• **WHAT NEEDS TO BE DONE**:
Copy exactly the lines from the one containing "尊康家纺(原磊科) 2025新款7A抗菌全棉色织水洗棉大豆棉填充床笠-同心结 同心结-粉玉" through the last line of the records below, both included, and leave out the pictures.

• **INFORMATION GIVEN**:
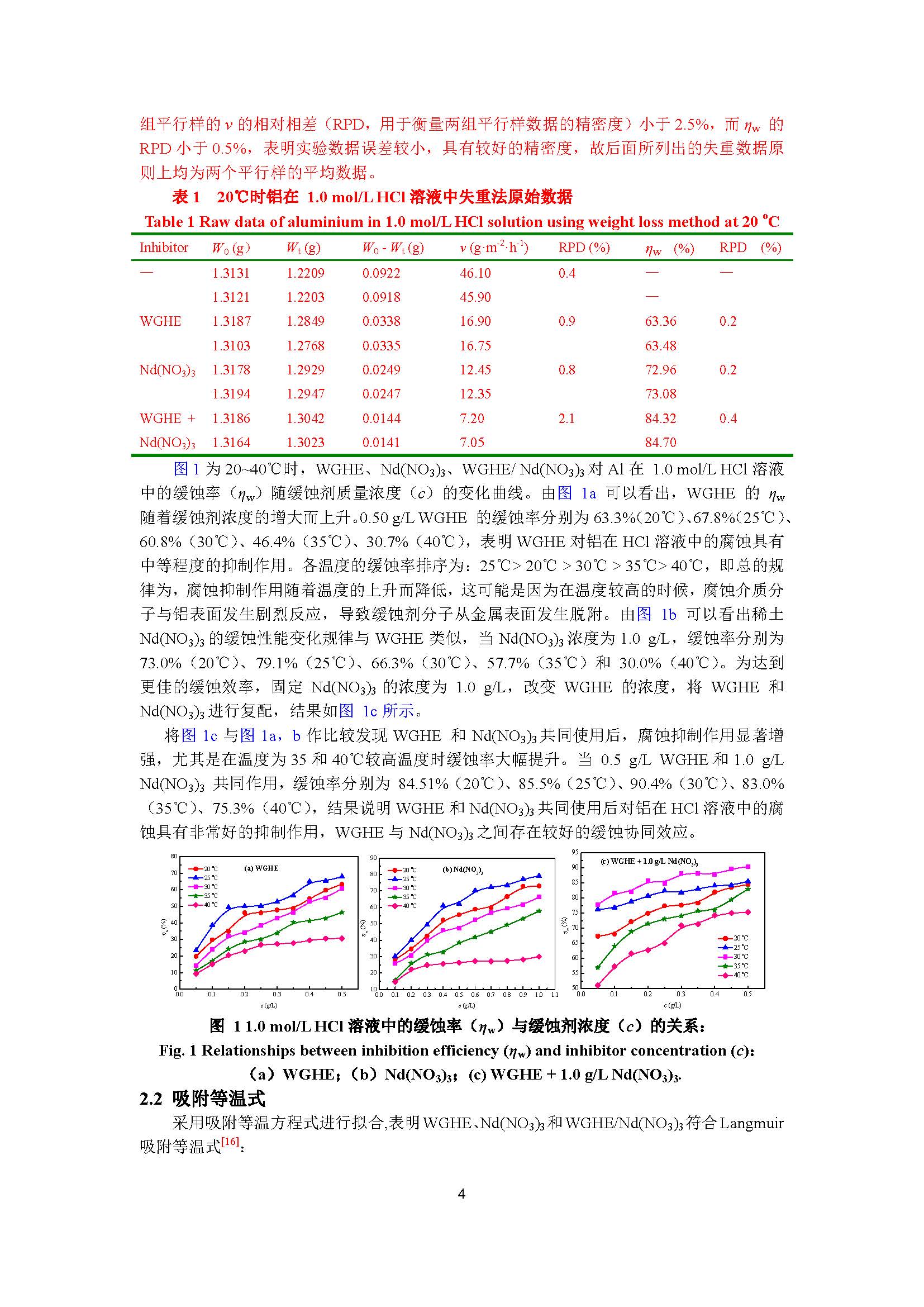 核桃青皮提取物与 Nd(NO3)3对 Al 在 HCl 溶液中的缓蚀
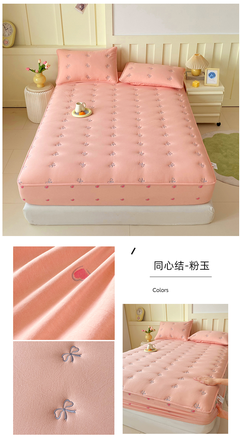尊康家纺(原磊科) 2025新款7A抗菌全棉色织水洗棉大豆棉填充床笠-同心结 同心结-粉玉
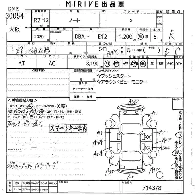 Nissan NOTE с аукциона Японии MIRIVE Osaka лот № 30054
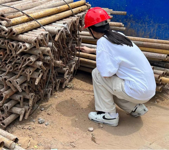 土木222潘静:本周任务是负责现场材料的数量的汇报和检验,负责钢筋的外观尺寸、重量偏差、拉伸强度、冷弯强度;但我主要负责钢筋材料的数量核对,钢筋品种有一级圆钢和二级带肋钢筋,而现场用的规格有10mm、12mm、16mm、22mm、25mm、28mm,我负责核算各个钢筋的数量并记录下来。
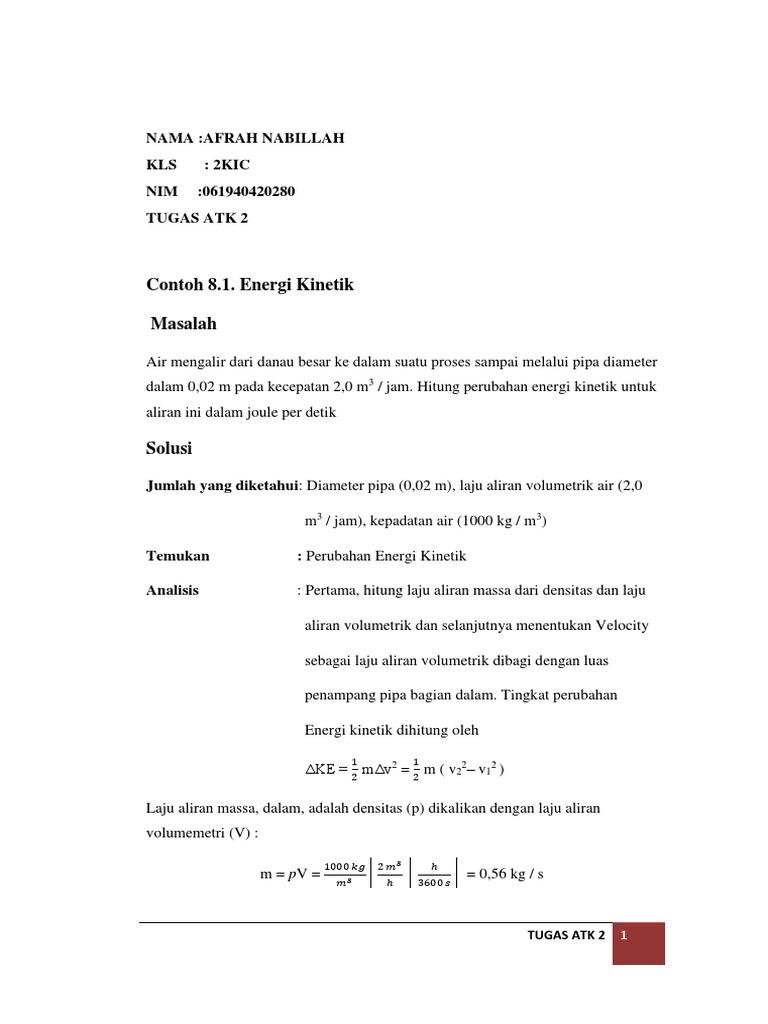 Contoh 8.1. Energi Kinetik Masalah: Tugas Atk 2
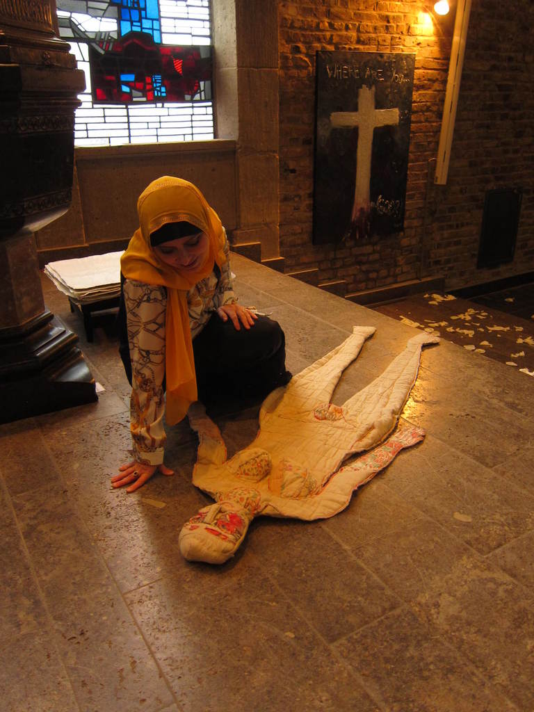 bezoekster bij "vrouwenhuid", detail installatie "Maria hidingplace"
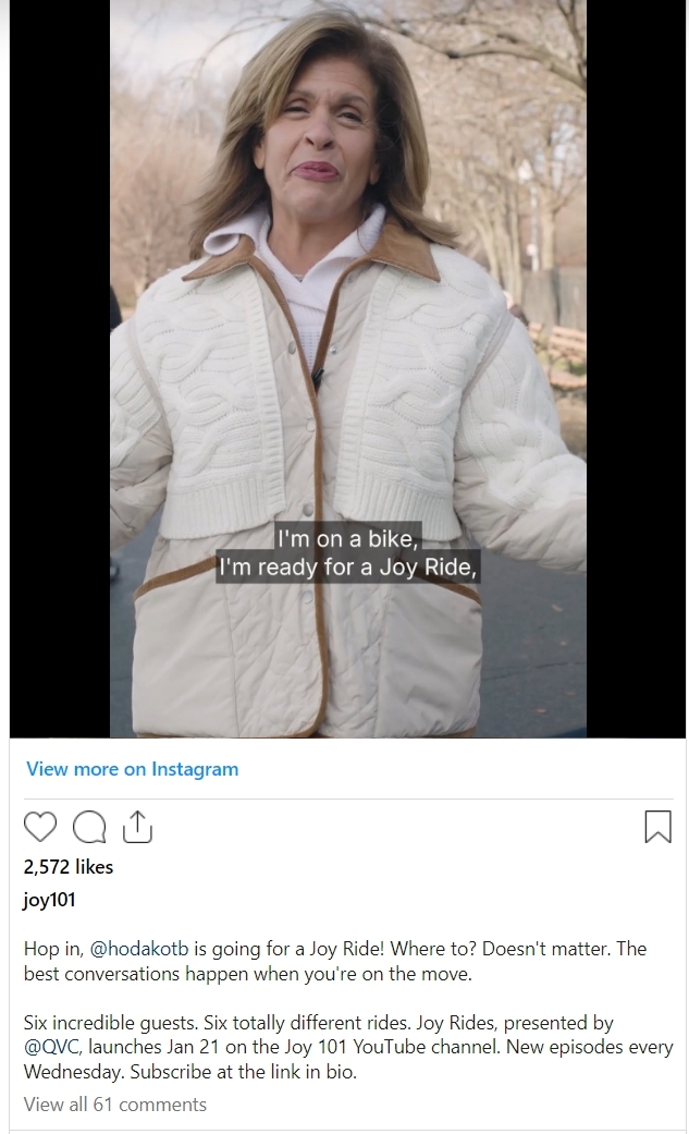 The message continued, “Six incredible guests. Six totally different rides. Joy Rides, presented by @QVC, launches Jan. 21 on the Joy 101 YouTube channel. New episodes every Wednesday. Subscribe at the link in bio.”
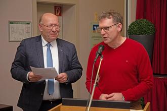 Bürgermeister Axel Muhn mit dem Trainer der Leichtathletikabteilung der TSG Bad König, Jochen Lorenz, der die Ehrungen dreier Leichtathleten entgegennahm

• **RESPONSE TO THIS EXERCISE**:
尊康家纺(原磊科) 2025新款7A抗菌全棉色织水洗棉大豆棉填充床笠-同心结 同心结-粉玉
 Nissan NOTE с аукциона Японии MIRIVE Osaka лот № 30054
 土木222潘静:本周任务是负责现场材料的数量的汇报和检验,负责钢筋的外观尺寸、重量偏差、拉伸强度、冷弯强度;但我主要负责钢筋材料的数量核对,钢筋品种有一级圆钢和二级带肋钢筋,而现场用的规格有10mm、12mm、16mm、22mm、25mm、28mm,我负责核算各个钢筋的数量并记录下来。
 Contoh 8.1. Energi Kinetik Masalah: Tugas Atk 2
 bezoekster bij "vrouwenhuid", detail installatie "Maria hidingplace"
 The message continued, “Six incredible guests. Six totally different rides. Joy Rides, presented by @QVC, launches Jan. 21 on the Joy 101 YouTube channel. New episodes every Wednesday. Subscribe at the link in bio.”
 Bürgermeister Axel Muhn mit dem Trainer der Leichtathletikabteilung der TSG Bad König, Jochen Lorenz, der die Ehrungen dreier Leichtathleten entgegennahm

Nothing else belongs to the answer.